Been reading GoldenMoonRose's episodic essays of late. They're fantastically done. And came across a random screencap I'd missed somehow on first viewing of AGMGTW that made me go "Oh shit that's brilliant"

Note the placement of the chains
Considering the whole theme of AGMGTW is the corollary that "demons run when a good man goes to war" because a good man has the capacity to become even more monstrous than demons themselves when they abandon their morals.... weeeeeeeeeeeee
Been rewatching the whole ep now...Fuck me, there's a lot of great images in that directing. Nothing quite as dramatic as the chains, (Some we already noticed - like the musical slice on the discretionary shot of the fat gay married marine getting initiated into the headless monks) but there's lots of lovely little mirror imagery being continued on and on, mostly plotwise. Every damned ep has had some sort of mirror in it - some of them really physically overt (DOTM, COTBS, RF/AP) some of them really character-driven(eg: AGMGTW had Rory the Nurse become Warrior meeting Strax, the Warrior become Nurse, River and the Doctor giving each other their names - and where she takes on the one he gives her as an act of redemption, FOTD is the beginning of Tennant's slide into monstrosity), and some of them really subtly done - the shot in Let's Kill Hitler where you see the Doctor with Rory behind him, and a divide between those two and River and Amy in the same positions.
"
And then there's the overriding arc regarding the Doctor and his unspoken fear that he's becoming the monster, and his inability to face the fact that he can be the monster and still be himself (see rant in TBB, and then re-watch the end of AGMGTW) - 11's always screaming in frustration that he's missing something that's "staring him in the face" What stares at your own face in the mirror? Yourself.
And in Night Terrors the Monsters parallel is there *again* - the boy can't face his own powers and nature, and is terrified of rejection - what does he do with the "monsters"? Puts them in the cupboard.
...that hilarious line just became ffffuuuuu territory.
(there is also, even more terrifying, the imagery of the Time Lord distress boxes in the cupboard in TDW)
Quite a few of these go back and forth across seasons.

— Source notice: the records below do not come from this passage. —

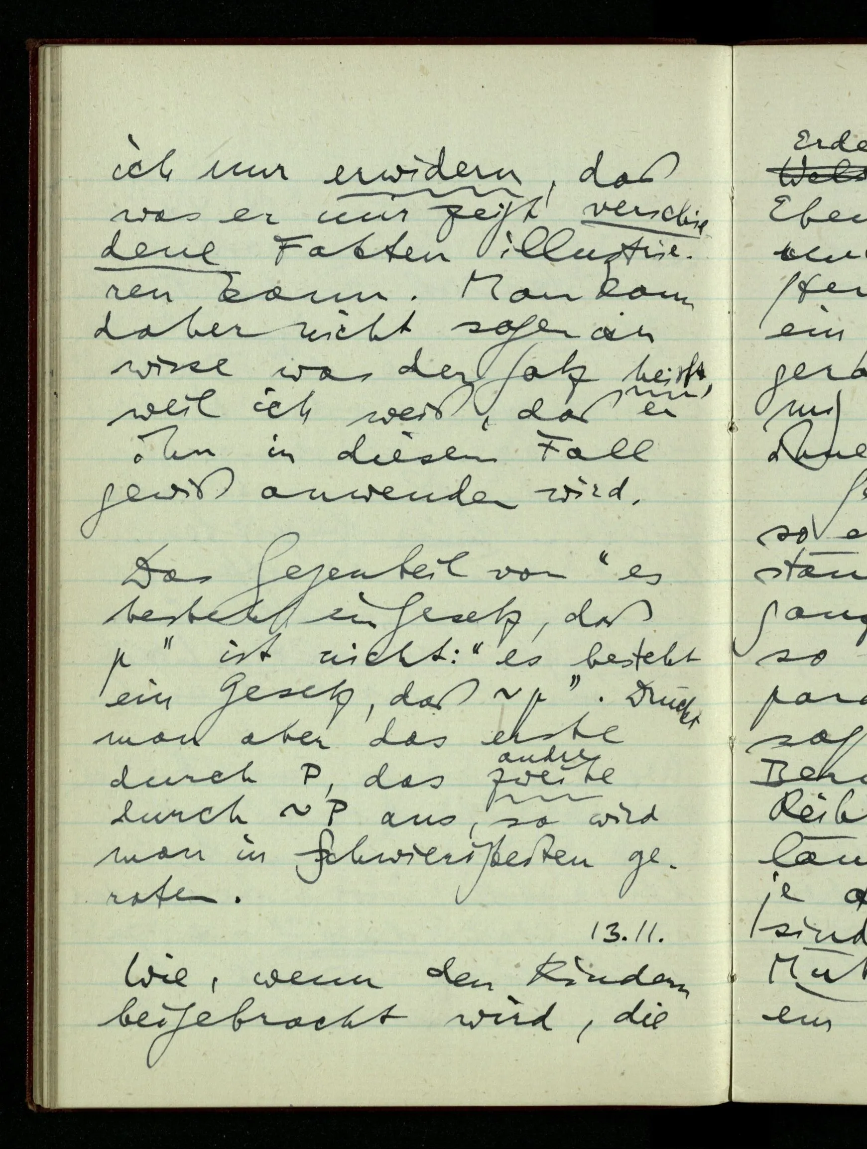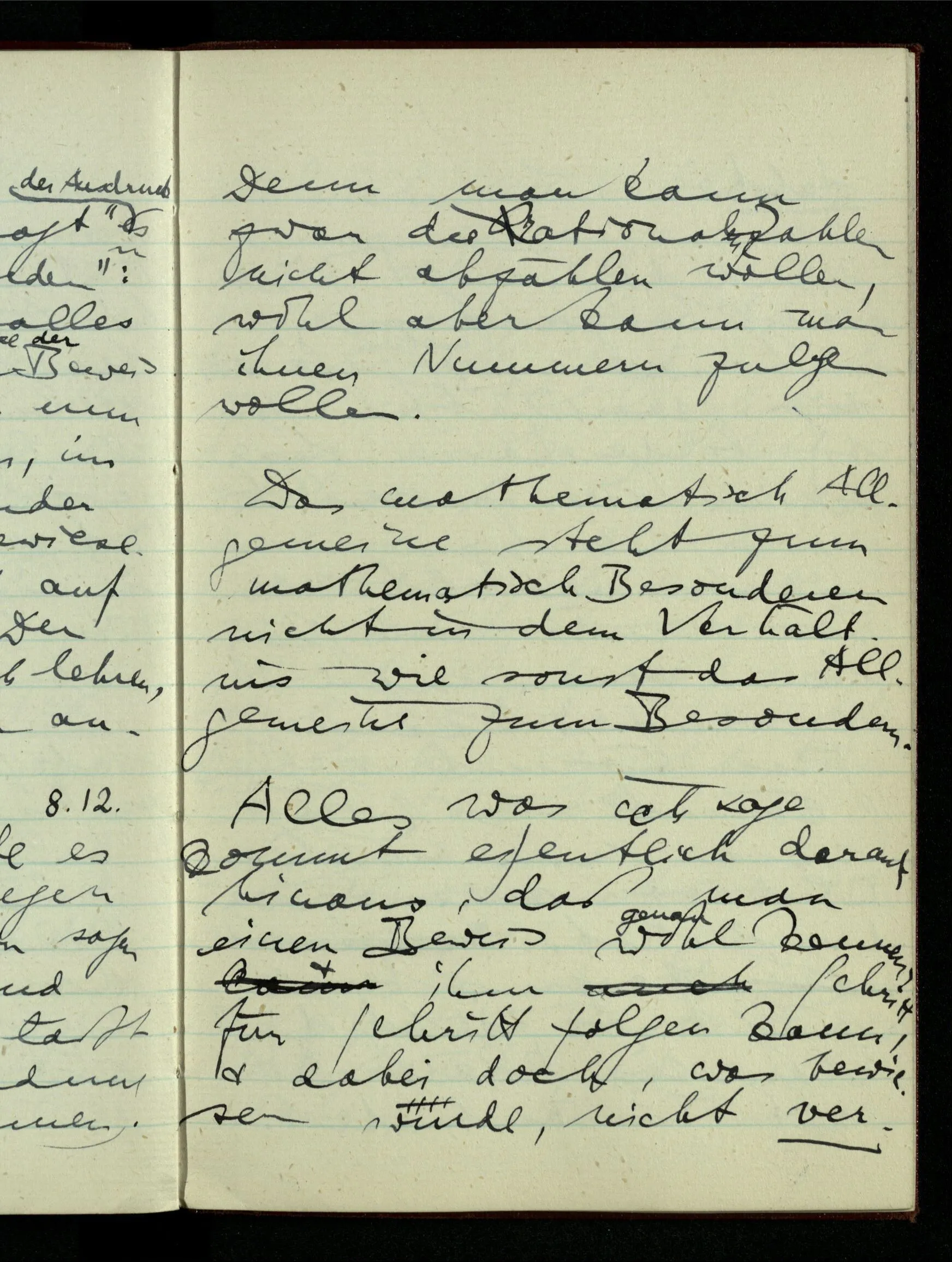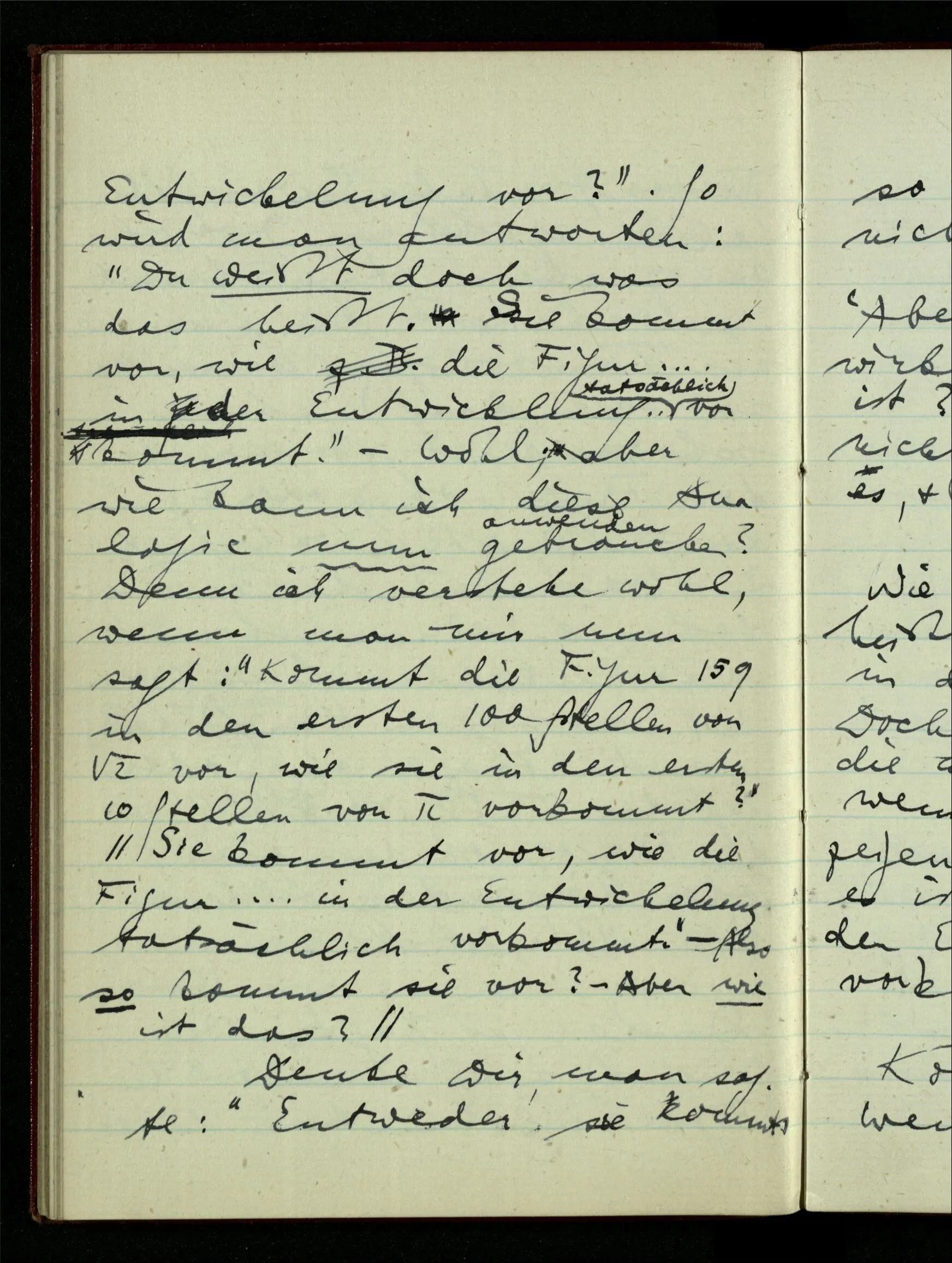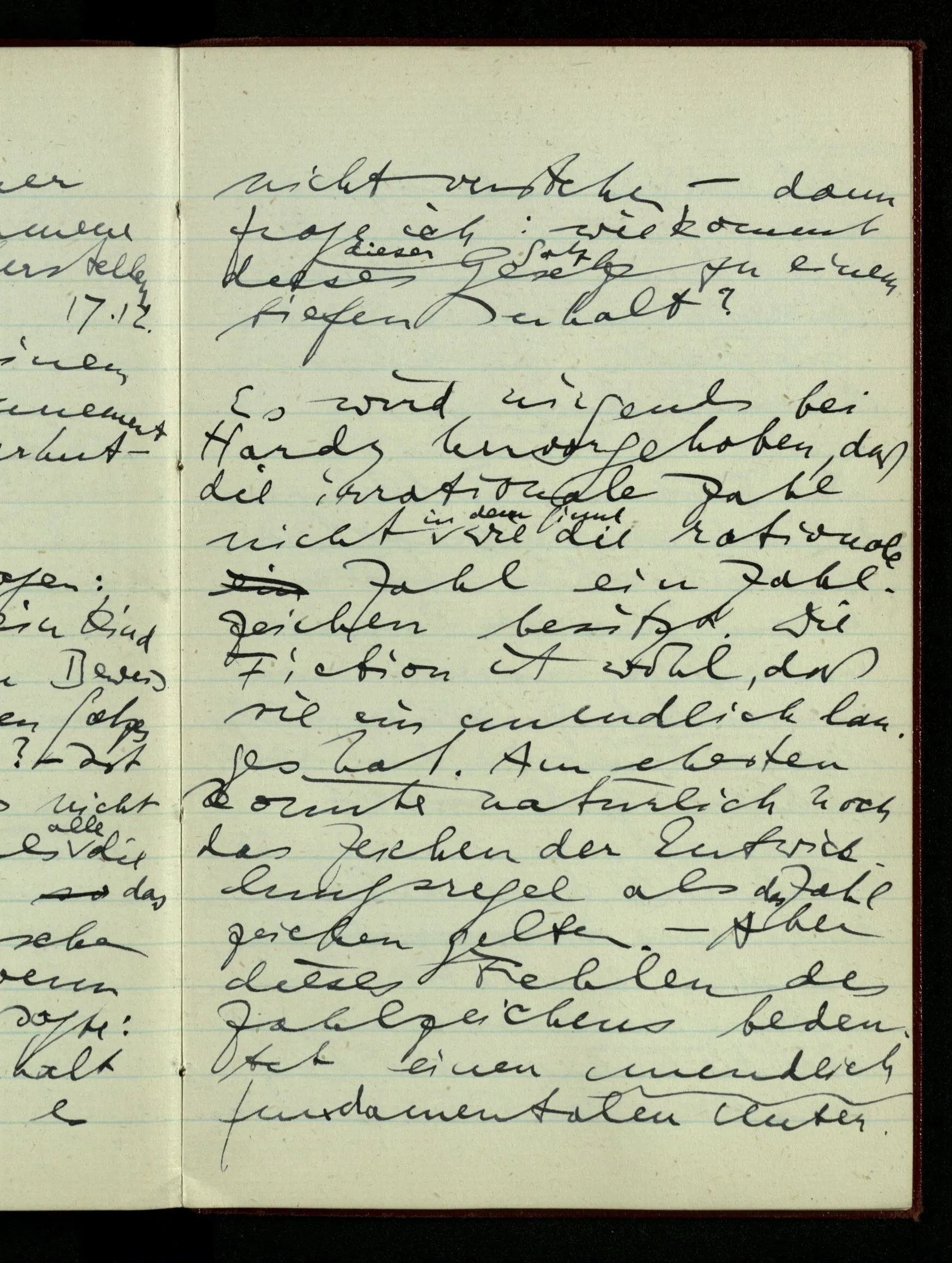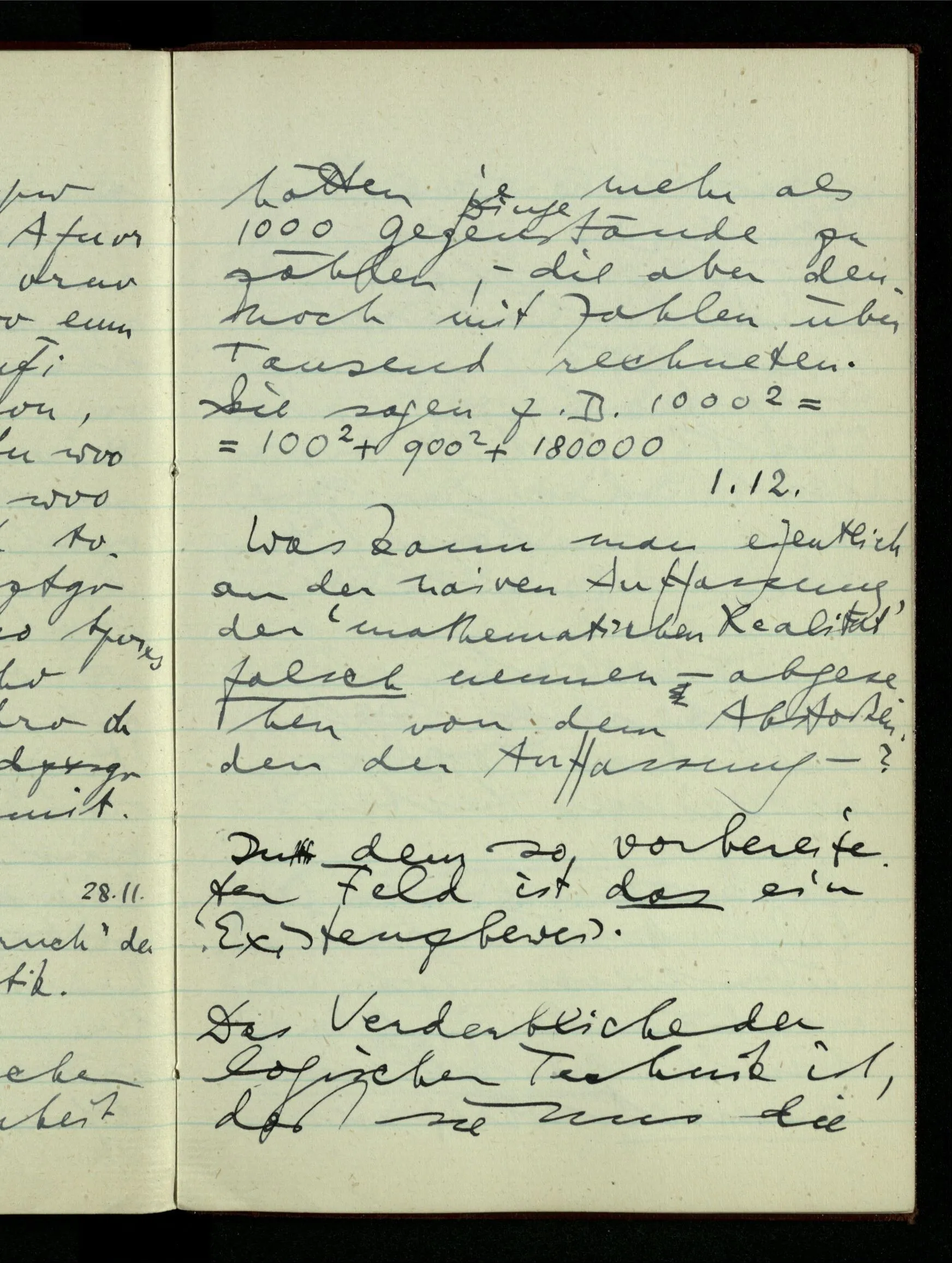 23.12.1942 Ich will, daß alle Zeichnungen, die aus diskreten Punkten & Strichen bestehen, wie sie in den Büchern die Lehre von den irrationalen Zahlen, des Limes, der Stätigkeit, etc. begleiten, sich auf die Wahl diskreter Zahlen & Zahlenkombinationen beziehen, & nicht auf Funktionen, irrationale Zahlen, etc.
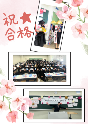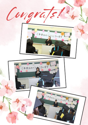 教室前の黒板には、福祉社会学科の教職員からのお祝いの言葉が寄せられ、在校生が卒業生のために装飾をしてくれました!
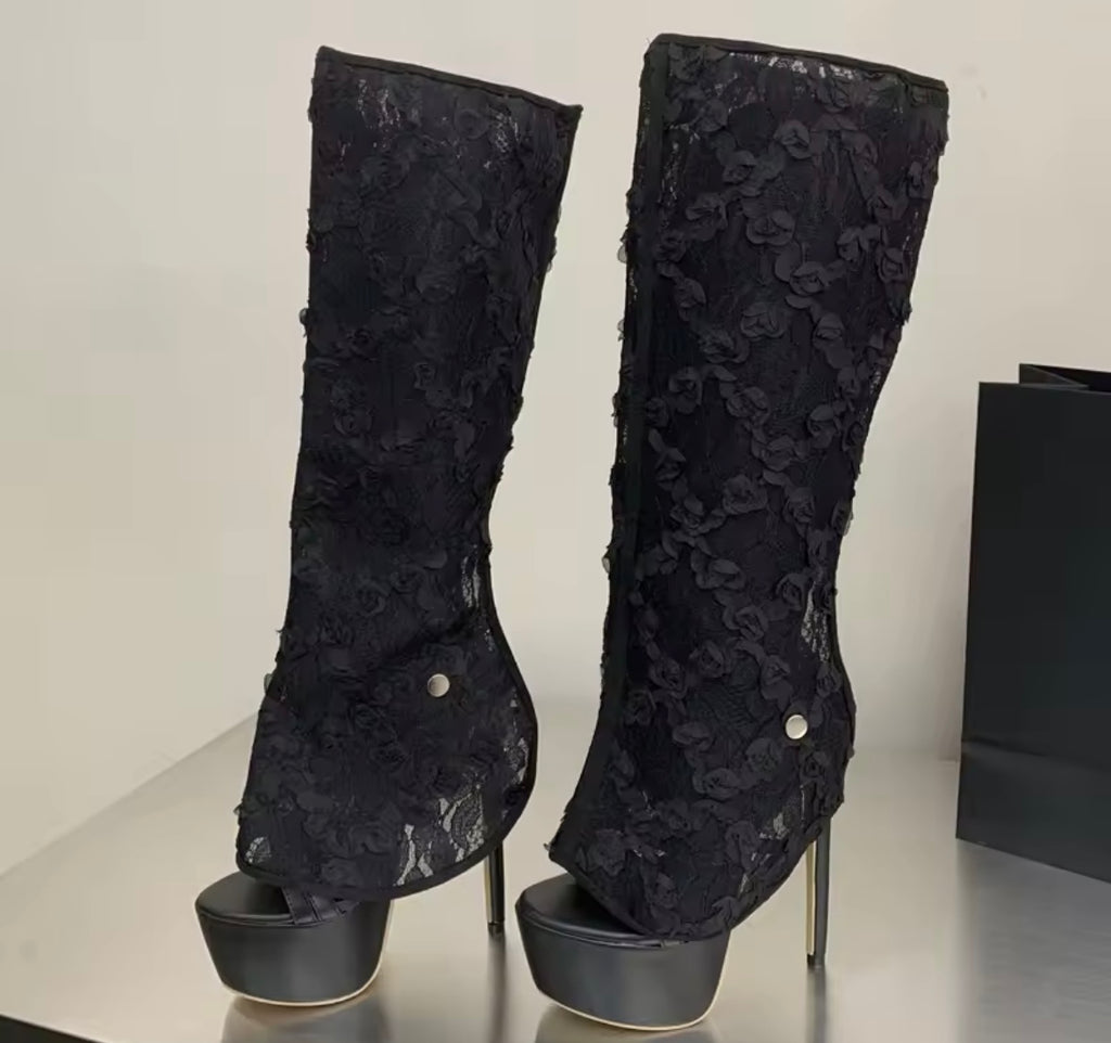 Women Pendant Beaded Velour Platform High Heel Sandals
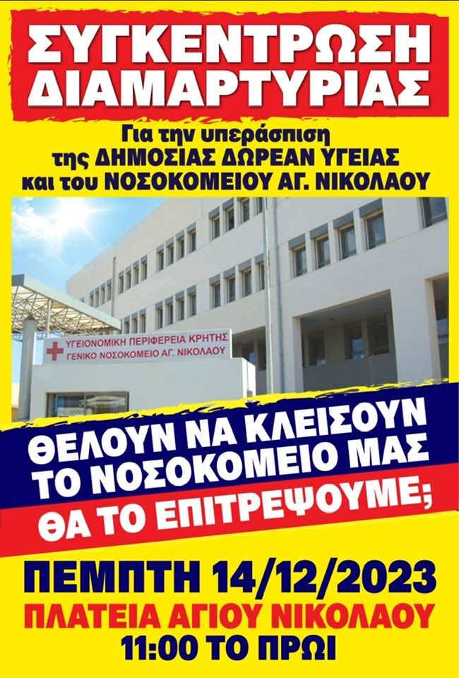 Για την συγκέντρωση διαμαρτυρίας την Πέμπτη 14 Δεκεμβρίου στον Άγιο Νικόλαο
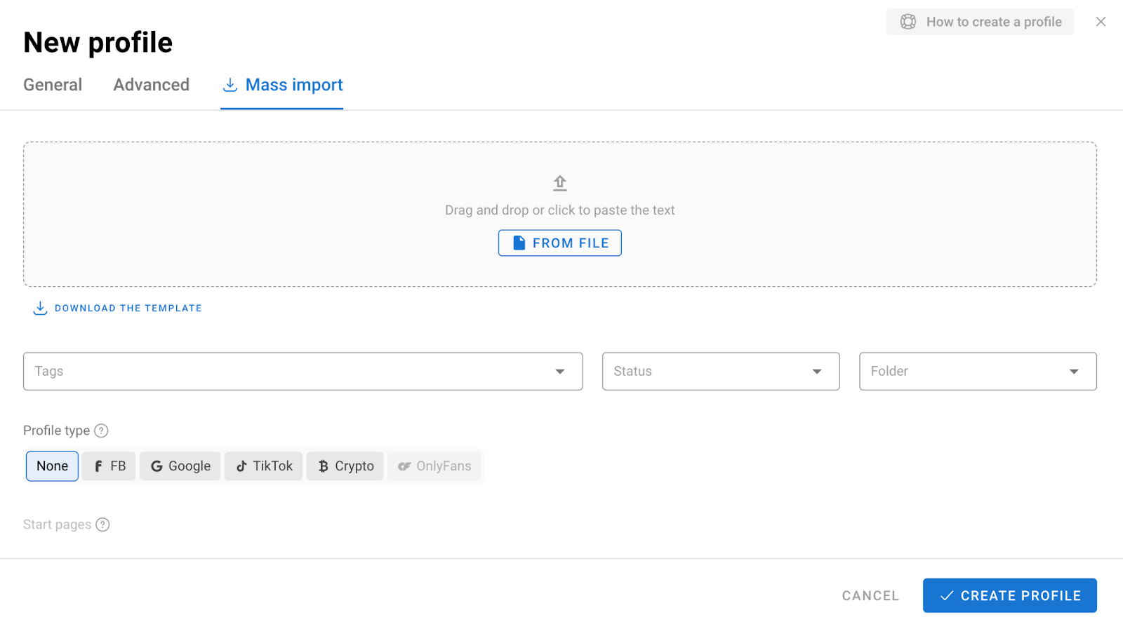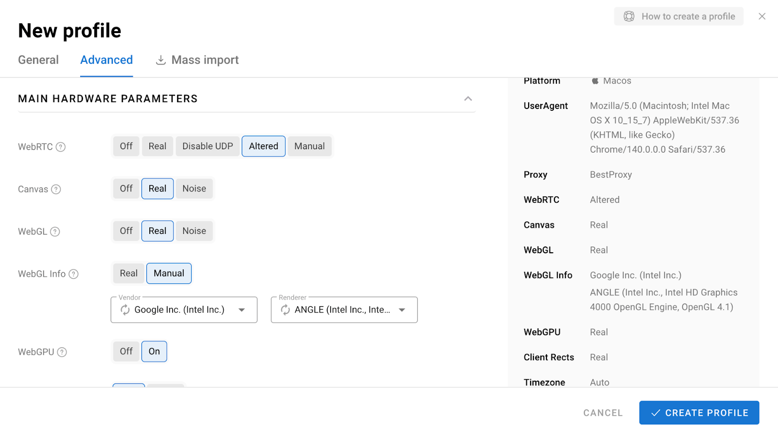 Creating a new browser profile in Dolphin Anti takes just several clicks. You only need to press “Create profile” in the upper corner, and you get a fresh environment with its own unique fingerprint. You can randomize parameters or adjust them manually.

Mirror parallel? Sneaks in at the end of Amy's Choice with the Doctor seeing the Dream Lord in his reflection. Rory's Dream!Death, also in Amy's Choice, is followed by an eerily similar one in Cold Blood (right down to the dissolution). The Beast Below - the entire episodic name is actually a reference not only to the poem uttered by the inhabitants of Starship UK but also a paralell of the Monster Within - something that the Doctor not only struggles with when he believes the only course of action is to Euthenise the starwhale, but also runs repeatedly with the series.
Layers upon layers upon layers.
ryttu3k pointed out the following:
"Rory mirroring the Doctor (and then openly rejecting that). They've been doing it... heaps and heaps. Amy's plea in DOTM, when everyone INCLUDING Rory thinks she's talking about the Doctor. The intro to AGMGTW, where everyone assumes she's talking about the Doctor until she says 'the Last Centaurion'. And it gets explicitly mentioned in TGWW - "You're turning me into you!"
Actually, hell, just the two Amys in TGWW is a mirror. Mirrors and doubles EVERYWHERE."
Most staggeringly of all, is Moffat's also worked in quite a large Nietzsche reference throughout the entire series (not just his eps as showrunner) He has the Doctor very often touted as "The man monsters are afraid of" "The one who fights the monsters." He also introduced the beginning of the Doctor's descent into monstrosity in Forest of the dead.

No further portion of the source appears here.